Fremington Edge is a 5 km long wall of crags and scree slopes that is situated to the north of the village of Reeth in Swaledale in the Yorkshire Dales National Park, England. Fremington Edge forms the south-eastern edge of Arkengarthdale, extending to the point where the dale meets Swaledale. Throughout its full length the Edge stays above the height of 400 m and reaches a highest point of 473 m at the northern end of the escarpment.

==History==
Fremington Edge was formed after the last Ice age when melt water from the retreating glaciers caused a landslip and exposed the rocky outcrops. Evidence of an Iron Age fort on the escarpment, and a settlement pre-date the 8th century arrival of the Anglo-Saxons. The Edge is scattered with remains of old lead and chert mines, and there are many disused shafts and spoil heaps. The chert was taken by lorry to Staffordshire for use in producing china and porcelain. A footpath and a solid dry stone wall stretch the entire length of the Edge with the heather clad Marrick Moor extending away to the east. Midway along are the remains of a disused radio mast

The Edge can be climbed either from Reeth, Langthwaite or Fremington. The ascent from Langthwaite goes by an old lane past the hamlet of Booze and the old farmhouse of Storthwaite Hall before winding steeply up through the disused workings of the Fell End Lead Mine to reach the highest point.
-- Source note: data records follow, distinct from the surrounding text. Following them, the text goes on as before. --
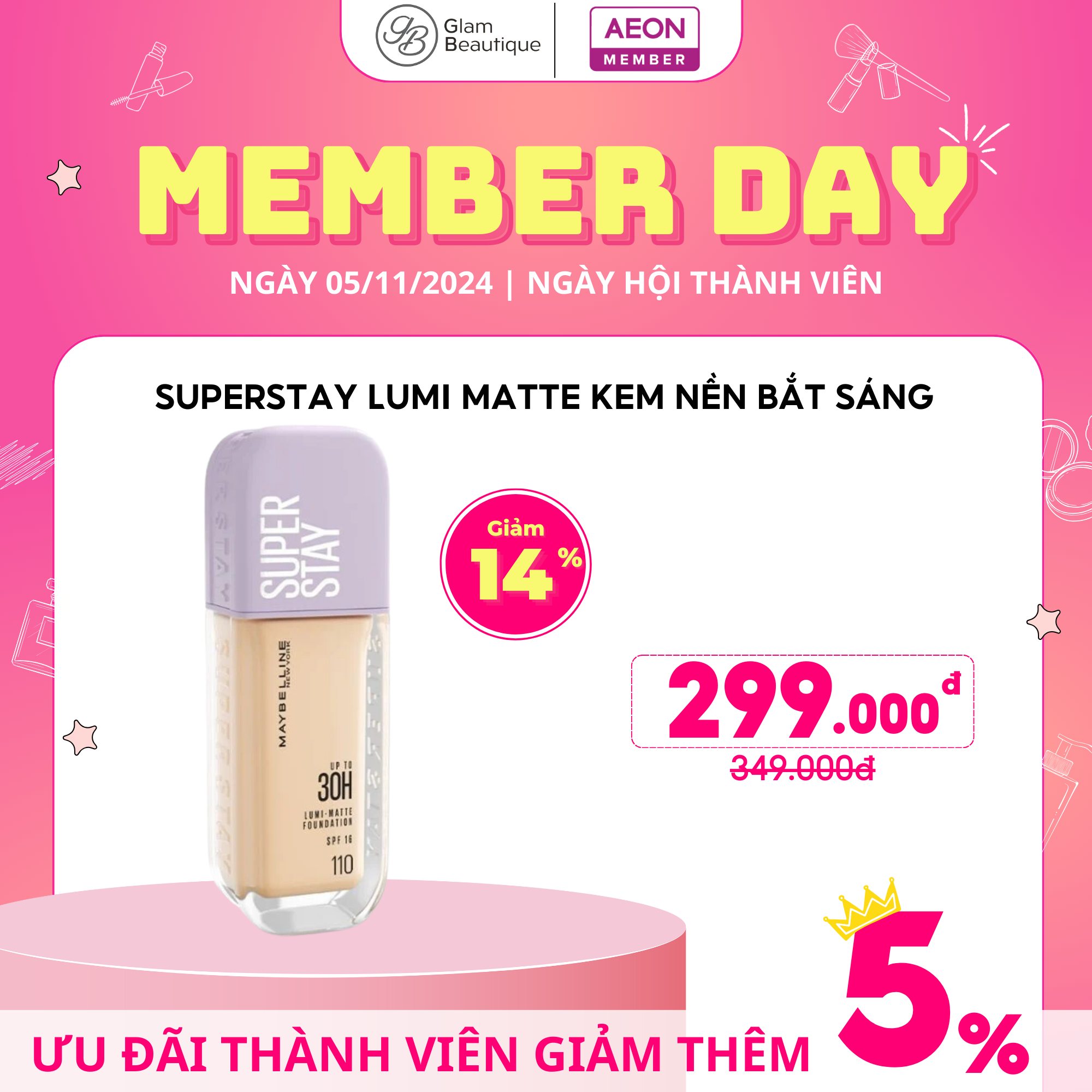 Đặc biệt, member còn được giảm thêm 5% vào ngày 05/11 nữa đó nha! ❣️❣️
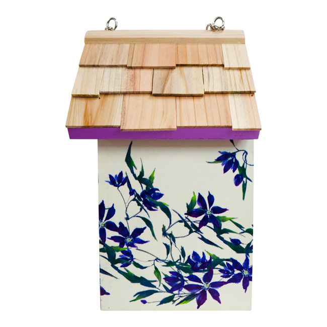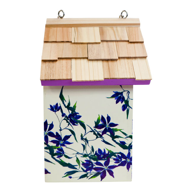 - Tall, rectangular wooden bird house with deep purple, clematis flower print on three sides
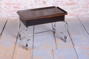 Thanks to its swivel casters, the cart is mobile and fully functional, ideal for serving or as an elegant side table with storage space (open shelf) in your interior. The entire cart has undergone restoration and is ready for immediate use.
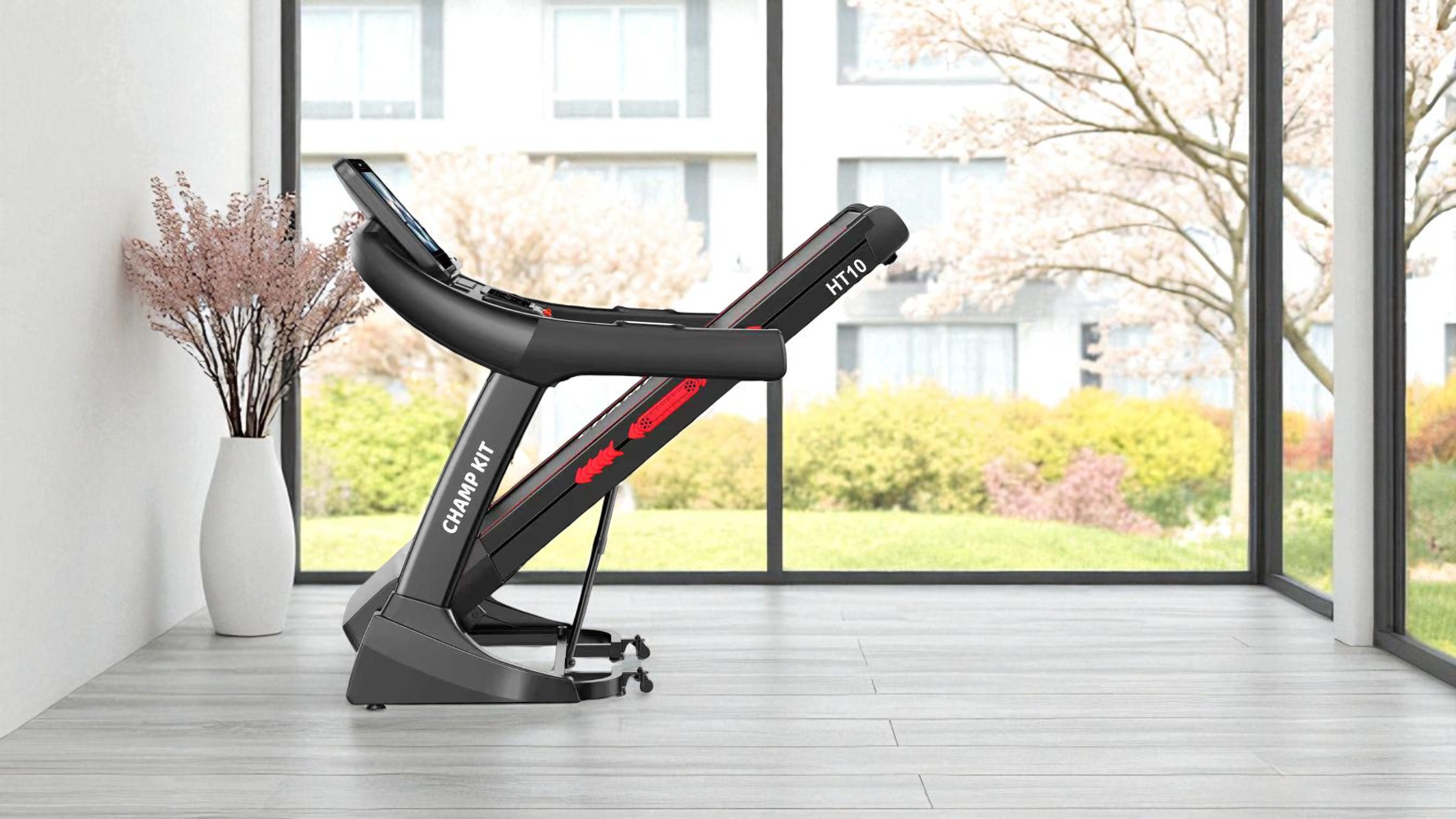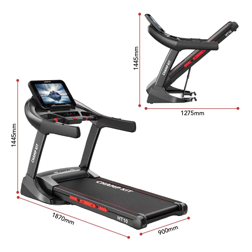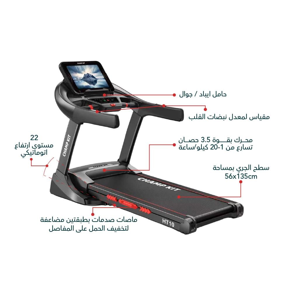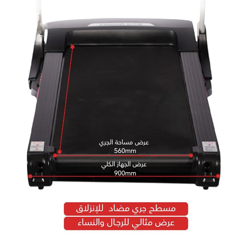 - سطح الجري: مساحة مريحة 56 × 135 سم، مع لوح مزدوج الطبقات وممتصات صدمات كبيرة لحماية المفاصل.
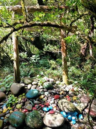 火口のなかは常緑広葉樹やシダが生い茂っているので湿っていた。火口に降り出してから20分ほどで浅間神社に着いた。昭和45年8月吉日と記したコンクリートの鳥居と、今にも朽ちそうな木の鳥居が立ち、木の鳥居の奥に小さな石の祠が3つ祀ってあった。お賽銭がたくさん供えられており、木の鳥居の下に好きな言葉を書いた色を着けた丸石がたくさん供えられており、ドラえもんを描いた石もあった。丸石は絵馬のようなものだろう。
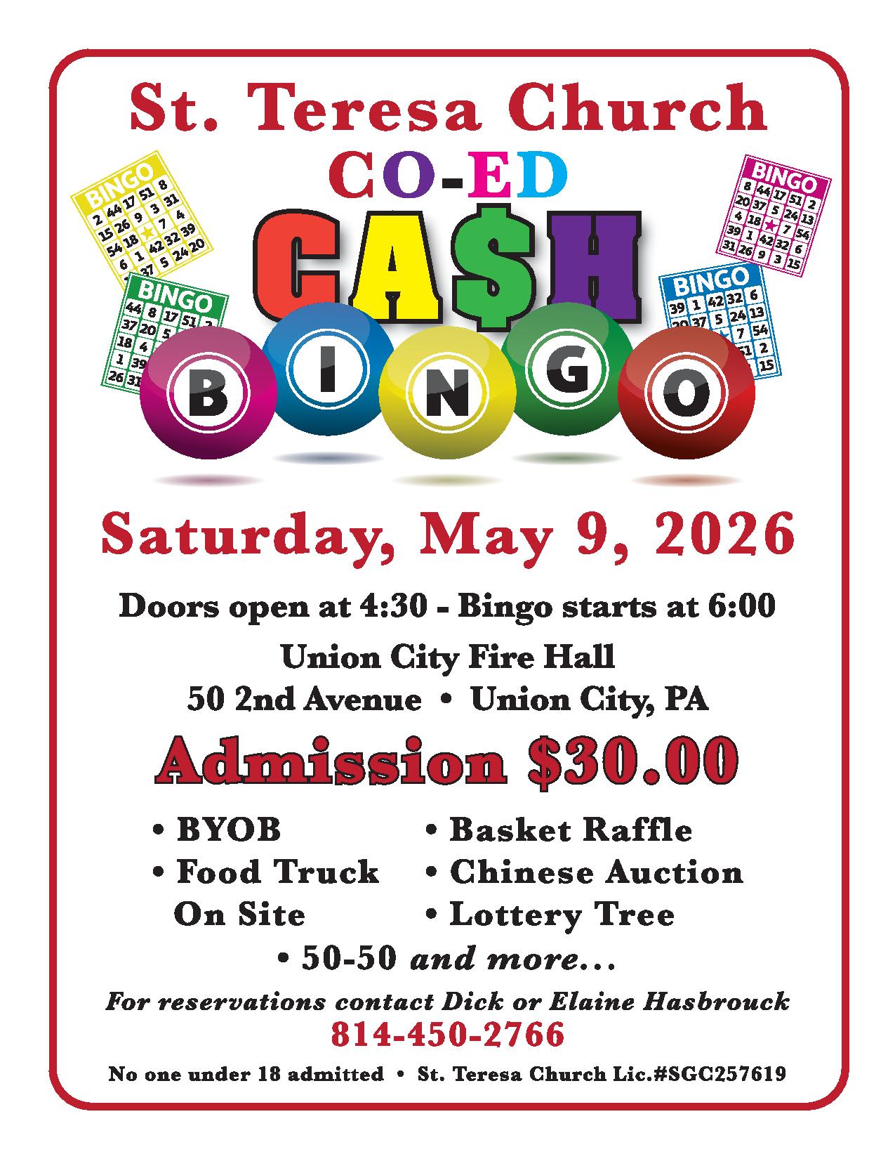 St. Teresa Church Cash Bingo - Saturday, May 9, 2026
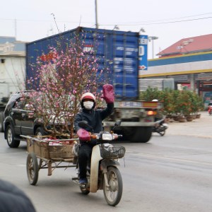 I’m woken by a crowing rooster, from the fifth storey apartments opposite. After breakfasting on a unique mix of east and west, baked beans with a croissant and a side of fish soup, I head off on the long drive to Hallong Bay. My guide is eager to show me preparation for Têt, walking in and around traffic to meet fruit trees sellers along the road.

The climb from Fremington utilises the well graded old road (now just a stony track) to Hurst, which passes the whitewashed farmhouse of the White House, a well seen landmark from Reeth. The climb from the popular tourist village of Reeth is quite hard going: a path goes directly up the steep escarpment from Arkle Beck to reach the Edge.

The view from the summit cairn at the northern end of the Edge gives an excellent view of Arkengarthdale, with Calver Hill also well seen. The southern end of the Edge gives an impressive aerial view of the village of Reeth.